The constancy of the output state ρ is given by
As within the case of the SX-gate circuit, we can’t straight estimate the constancy of the ρ state ready by the ECR-gate circuit by measuring the output bits of the circuit, because it relies on off-diagonal phrases within the ρ matrix.
As a substitute we are able to comply with the process described within the earlier part and estimate a decrease certain on F by contemplating the circuit with an added ECR⁻¹ gate. Since ECR⁻¹ = ECR, we think about a circuit with two ECR gates.
qc = QuantumCircuit(2)
qc.ecr(0, 1)
qc.barrier() # Prevents circuit simplifications.
qc.ecr(0, 1)
dist, qc_isa = run_circuit(qc, num_shots=100_000)
qc_isa.draw(output="mpl", idle_wires=False, model="iqp")
print_results(dist)
Measurement counts: {'00': 99193, '01': 153, '10': 498, '11': 156}
p(00): 0.9919 ± 0.0007
p(01): 0.0015 ± 0.0003
p(10): 0.005 ± 0.0006
p(11): 0.0016 ± 0.0003
We discover the estimated decrease certain F > 0.9919 ± 0.0007 on the ρ state ready by the ECR-gate circuit.
3-qubit state constancy
To shut the loop, in our remaining instance, allow us to compute a decrease certain on the state constancy of the 3-qubit state circuit which we thought of first.
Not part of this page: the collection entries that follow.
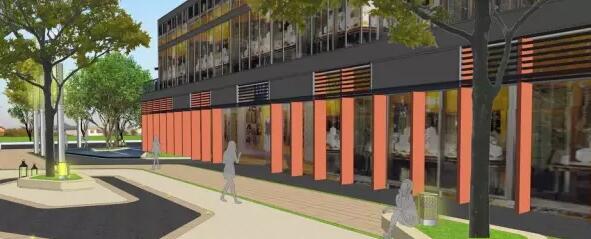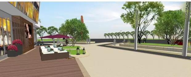 售樓部內(nèi)側(cè)以透水混凝土為主的內(nèi)街街景效果圖——深灰色透水混凝土+米黃色透水混凝土+黃色石材鋪裝與建筑外立面色彩形成豐富的色彩界面
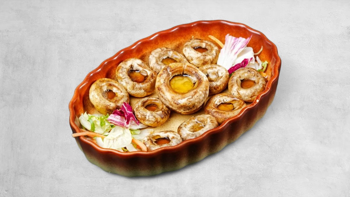 Pohovani pileći batak u krem sosu od šampinjona sa začinjenim kriškama krompira
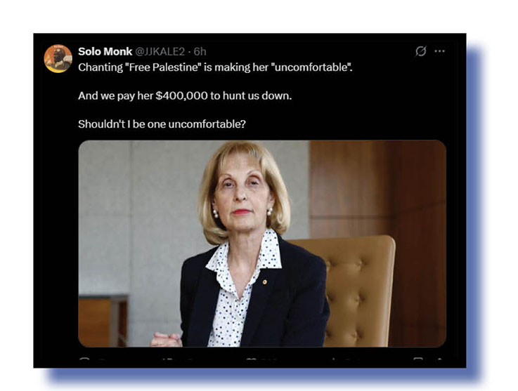 … while Solo Monk dumped on the head of Australia’s antisemitism envoy, Jillian Segal. The Bug thinks, and reading between the lines suspects Solo Monk does to, that people like Segal who automatically scream “anti-semitism!” at anyone critical of the atrocities being inflicted by Israel on Palestinians in Gaza and the West Bank are just bloody disgusting and in Segal’s case should not be on a government payroll ever!
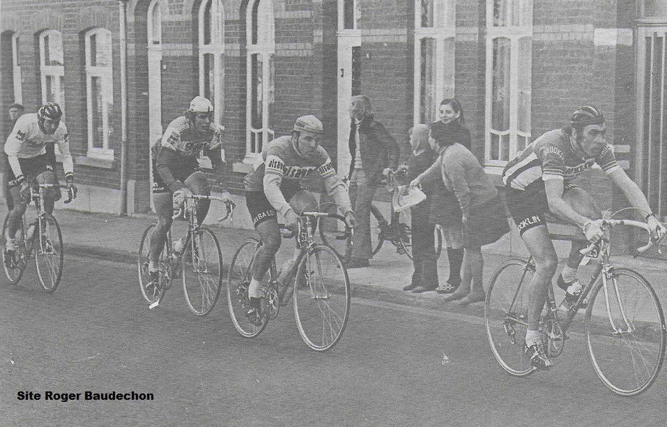 Libert nous ayant beaucoup aidé de diverses manières, c’est un juste retour des choses que de lui publier des images de coureurs qu’il a connu et surtout qui ont été d’une aide précieuse pour Pascal PIT dans le « PCW ». Alors, voici une image de Bernard DRAUX sur « GAND-WEVELGEM ». Il se trouve en compagnie de SERCU, LEMAN et BAL. Bernard DRAUX était aussi un coureur de classique … ne l’oublions pas !!!

Right here once more, we add the inverse operation to the circuit, bringing again the state to |0,0,0⟩ and measure the circuit outcomes.
qc = QuantumCircuit(3)
qc.h(0)
qc.cx(0, 1)
qc.cx(0, 2)
qc.barrier(). # Prevents circuit simplifications.
qc.cx(0, 2)
qc.cx(0, 1)
qc.h(0)
qc.draw('mpl')
dist, qc_isa = run_circuit(qc, num_shots=100_000)
qc_isa.draw(output="mpl", idle_wires=False, model="iqp")
print_results(dist)
Measurement counts: {'000': 95829, '001': 1771, '010': 606, '011': 503, '100': 948, '101': 148, '111': 105, '110': 90}
p(000): 0.9583 ± 0.0016
p(001): 0.0177 ± 0.0011
p(010): 0.0061 ± 0.0006
p(011): 0.005 ± 0.0006
p(100): 0.0095 ± 0.0008
p(101): 0.0015 ± 0.0003
p(111): 0.001 ± 0.0003
p(110): 0.0009 ± 0.0002
We discover the constancy decrease certain F̃ = p’((0,0,0)) = 0.9583 ± 0.0016 for the 3-qubit state circuit.